WHAT TO WORK ON: Each line of the data below between the one containing "Video Replay: From" and the one containing "des Ferienhauses abzukühlen", both included, is to be repeated exactly. Please omit pictures.

Extracted data entries
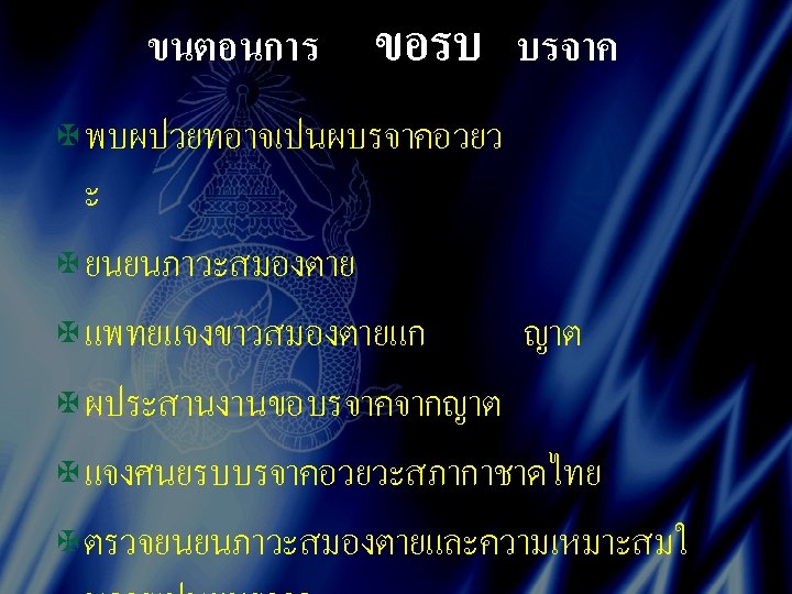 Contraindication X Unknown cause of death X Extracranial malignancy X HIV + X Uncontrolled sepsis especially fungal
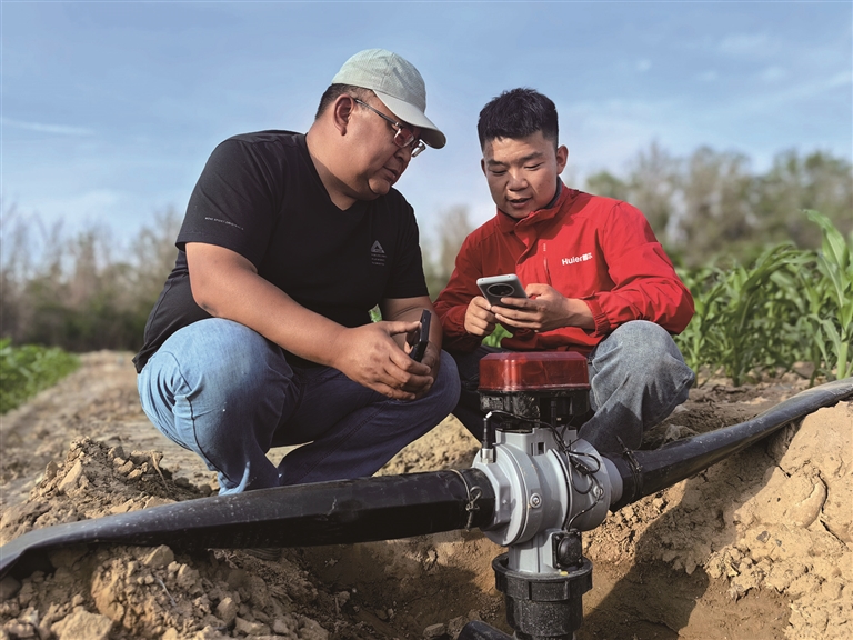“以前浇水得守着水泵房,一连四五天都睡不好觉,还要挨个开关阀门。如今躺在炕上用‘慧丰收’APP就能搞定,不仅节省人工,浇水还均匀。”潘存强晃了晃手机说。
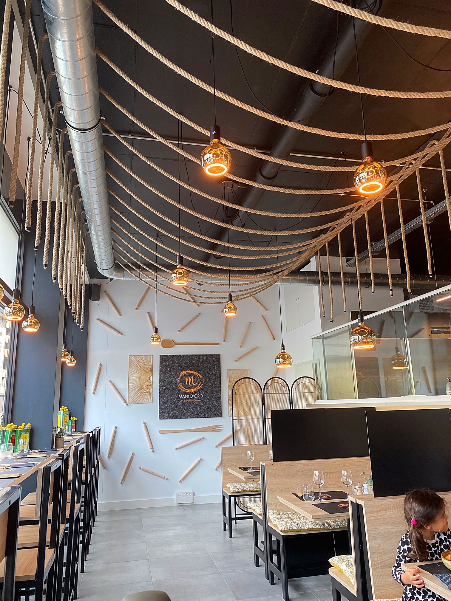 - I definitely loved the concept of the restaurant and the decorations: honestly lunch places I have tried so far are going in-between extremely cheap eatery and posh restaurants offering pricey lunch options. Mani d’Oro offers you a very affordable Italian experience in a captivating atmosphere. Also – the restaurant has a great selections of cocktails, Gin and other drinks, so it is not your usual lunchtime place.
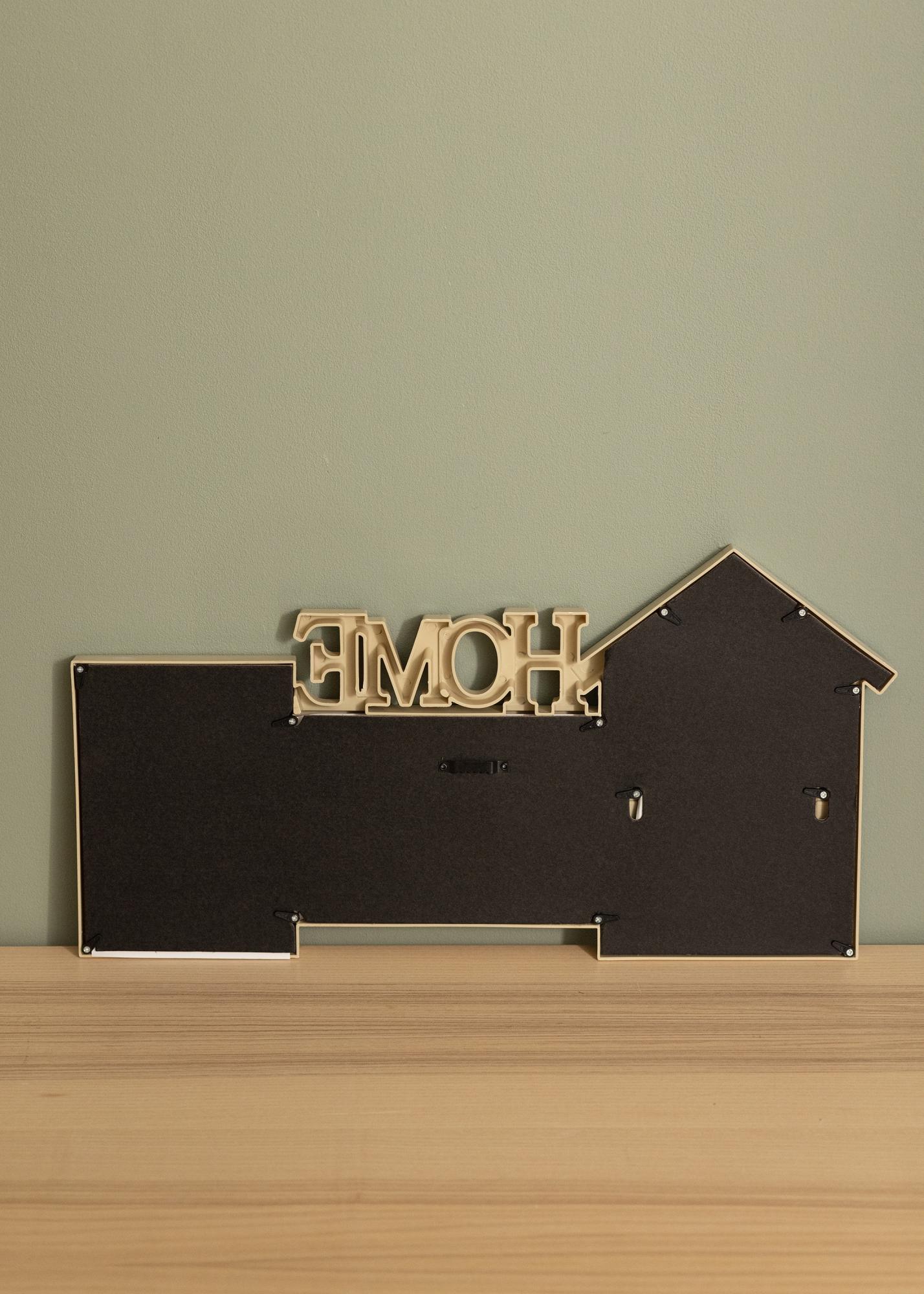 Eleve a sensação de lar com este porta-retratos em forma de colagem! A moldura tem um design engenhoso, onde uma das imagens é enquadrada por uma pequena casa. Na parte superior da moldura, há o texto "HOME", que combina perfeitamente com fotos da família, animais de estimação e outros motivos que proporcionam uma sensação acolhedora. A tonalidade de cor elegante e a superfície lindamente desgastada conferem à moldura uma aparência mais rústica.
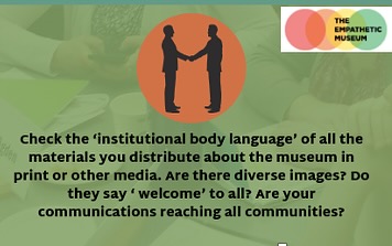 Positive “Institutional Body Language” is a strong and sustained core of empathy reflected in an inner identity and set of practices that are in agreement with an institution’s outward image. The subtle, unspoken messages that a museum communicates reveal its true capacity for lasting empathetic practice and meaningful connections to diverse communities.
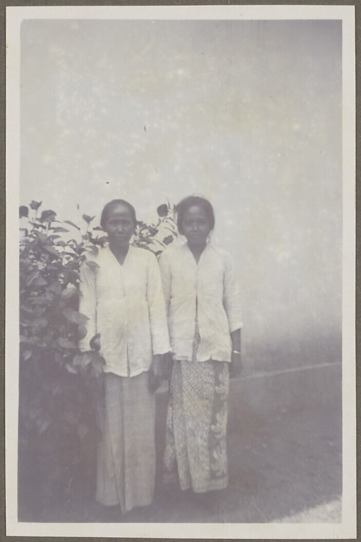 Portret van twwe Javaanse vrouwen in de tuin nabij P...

...

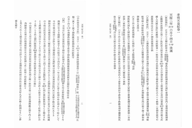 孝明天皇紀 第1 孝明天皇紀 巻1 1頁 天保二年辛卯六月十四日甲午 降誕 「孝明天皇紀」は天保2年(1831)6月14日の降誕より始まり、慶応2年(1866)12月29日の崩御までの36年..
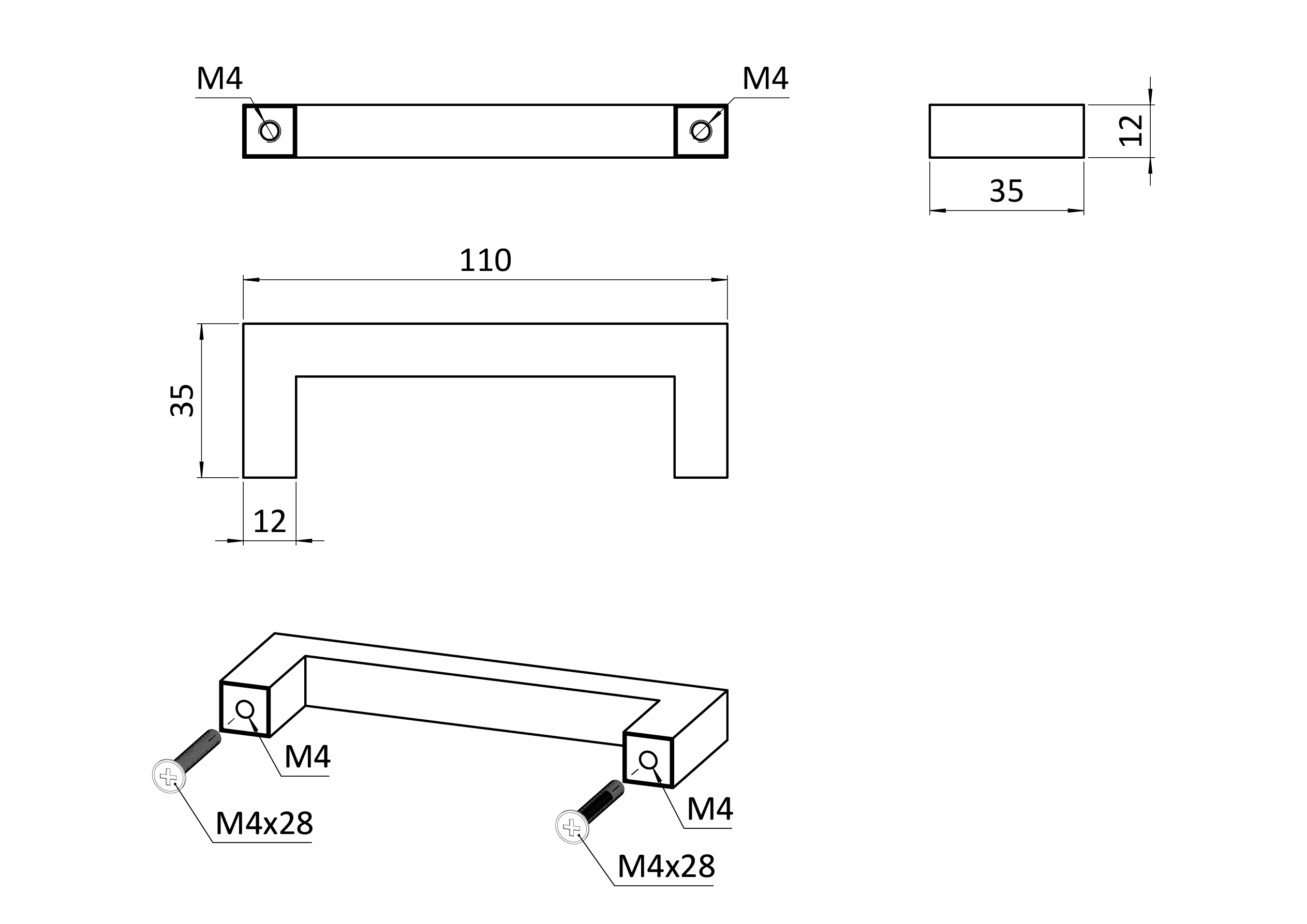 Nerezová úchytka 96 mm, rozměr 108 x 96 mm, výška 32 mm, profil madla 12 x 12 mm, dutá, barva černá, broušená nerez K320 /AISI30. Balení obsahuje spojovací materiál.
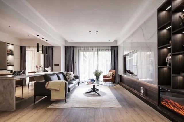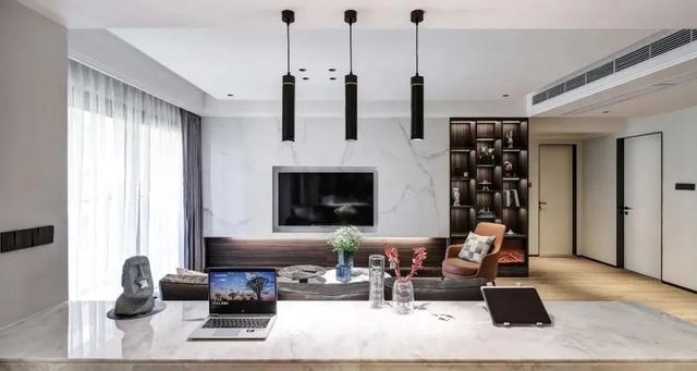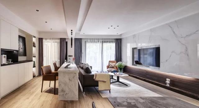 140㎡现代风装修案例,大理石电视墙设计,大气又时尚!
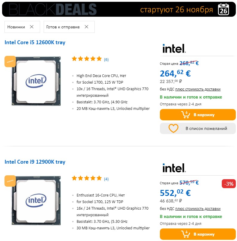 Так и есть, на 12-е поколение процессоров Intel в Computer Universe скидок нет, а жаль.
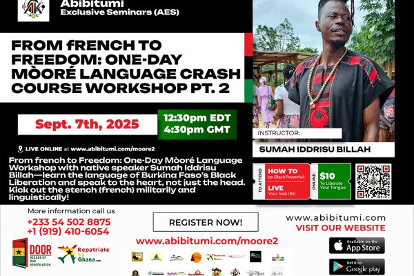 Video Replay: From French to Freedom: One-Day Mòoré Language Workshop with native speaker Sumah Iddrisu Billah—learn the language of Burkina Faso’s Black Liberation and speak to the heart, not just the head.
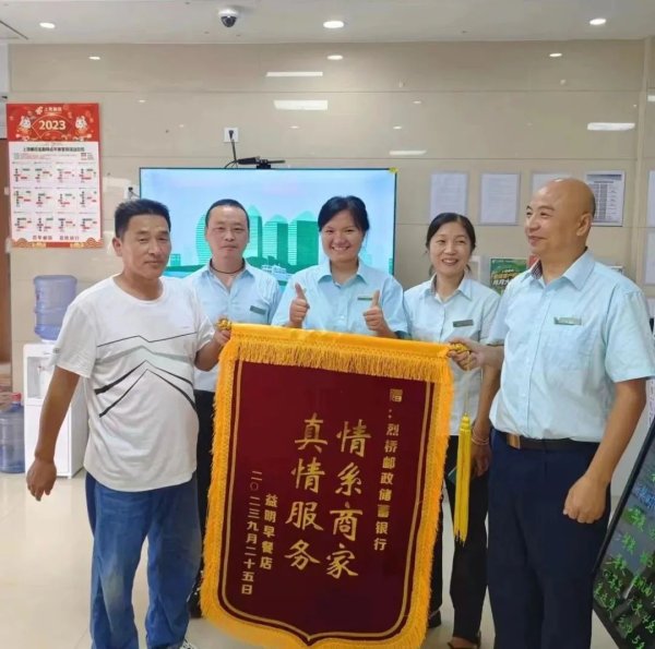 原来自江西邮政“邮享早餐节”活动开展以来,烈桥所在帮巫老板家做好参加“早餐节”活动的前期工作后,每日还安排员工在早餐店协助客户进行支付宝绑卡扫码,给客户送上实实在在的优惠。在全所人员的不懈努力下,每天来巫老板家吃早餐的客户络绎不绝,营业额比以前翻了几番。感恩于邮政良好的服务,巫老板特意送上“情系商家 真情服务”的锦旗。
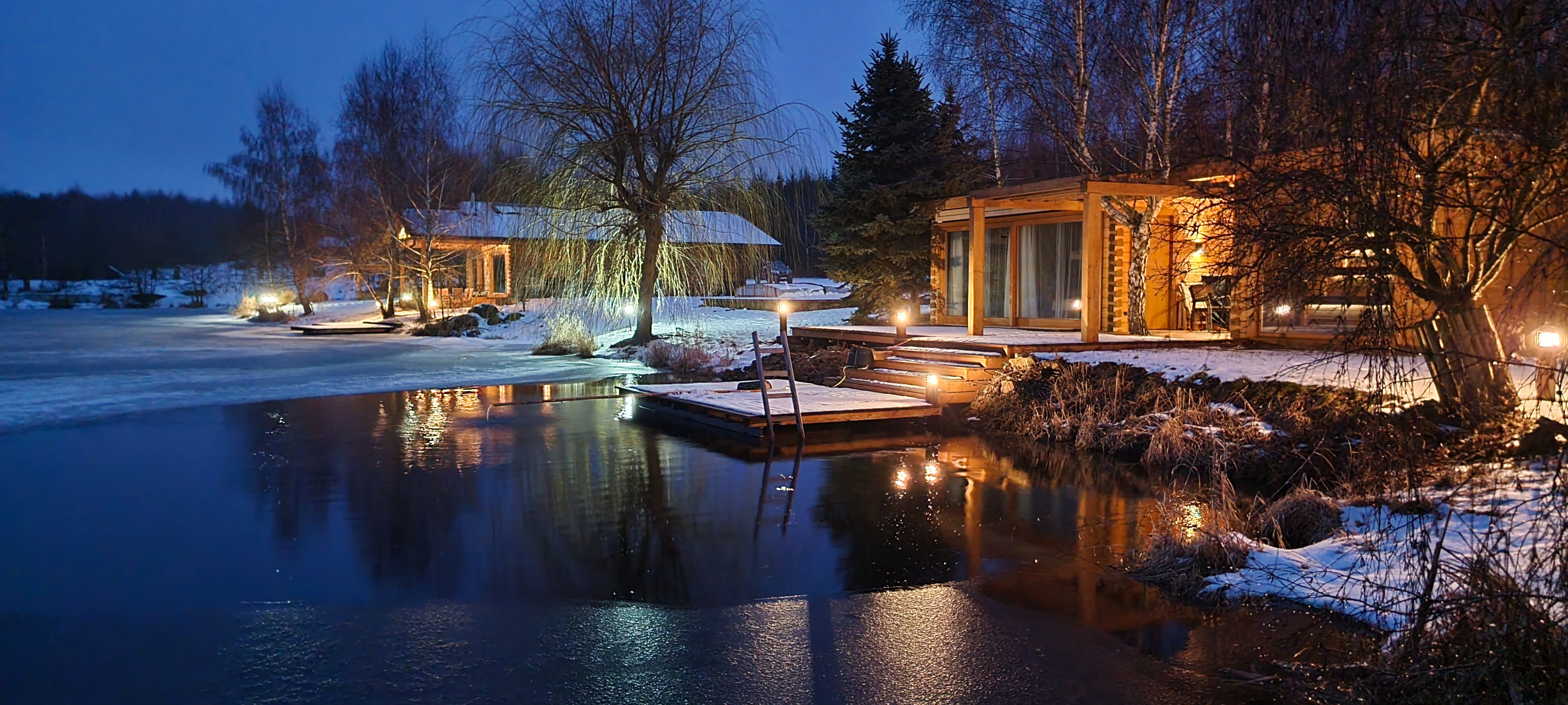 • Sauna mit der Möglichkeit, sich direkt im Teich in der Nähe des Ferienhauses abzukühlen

OUTPUT OF THE EXERCISE:
 Video Replay: From French to Freedom: One-Day Mòoré Language Workshop with native speaker Sumah Iddrisu Billah—learn the language of Burkina Faso’s Black Liberation and speak to the heart, not just the head.
 原来自江西邮政“邮享早餐节”活动开展以来,烈桥所在帮巫老板家做好参加“早餐节”活动的前期工作后,每日还安排员工在早餐店协助客户进行支付宝绑卡扫码,给客户送上实实在在的优惠。在全所人员的不懈努力下,每天来巫老板家吃早餐的客户络绎不绝,营业额比以前翻了几番。感恩于邮政良好的服务,巫老板特意送上“情系商家 真情服务”的锦旗。
 • Sauna mit der Möglichkeit, sich direkt im Teich in der Nähe des Ferienhauses abzukühlen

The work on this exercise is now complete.